# Records provided
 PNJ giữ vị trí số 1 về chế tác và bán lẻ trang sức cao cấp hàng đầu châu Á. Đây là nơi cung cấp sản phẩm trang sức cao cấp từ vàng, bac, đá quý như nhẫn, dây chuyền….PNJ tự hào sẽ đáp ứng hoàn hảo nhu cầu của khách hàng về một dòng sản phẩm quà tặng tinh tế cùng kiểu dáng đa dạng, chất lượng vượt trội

--

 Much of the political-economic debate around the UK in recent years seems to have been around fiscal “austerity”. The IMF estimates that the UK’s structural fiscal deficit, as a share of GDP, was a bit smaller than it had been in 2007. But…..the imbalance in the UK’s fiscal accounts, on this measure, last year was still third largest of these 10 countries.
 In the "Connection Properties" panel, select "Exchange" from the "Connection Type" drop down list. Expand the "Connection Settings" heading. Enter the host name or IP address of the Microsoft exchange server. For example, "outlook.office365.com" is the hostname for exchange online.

# Task details
Once you find the line with "Much of the" above, print it and every line after it up to and including the line with "for exchange online.", exactly as written and nothing else.

# Answer box
 Much of the political-economic debate around the UK in recent years seems to have been around fiscal “austerity”. The IMF estimates that the UK’s structural fiscal deficit, as a share of GDP, was a bit smaller than it had been in 2007. But…..the imbalance in the UK’s fiscal accounts, on this measure, last year was still third largest of these 10 countries.
 In the "Connection Properties" panel, select "Exchange" from the "Connection Type" drop down list. Expand the "Connection Settings" heading. Enter the host name or IP address of the Microsoft exchange server. For example, "outlook.office365.com" is the hostname for exchange online.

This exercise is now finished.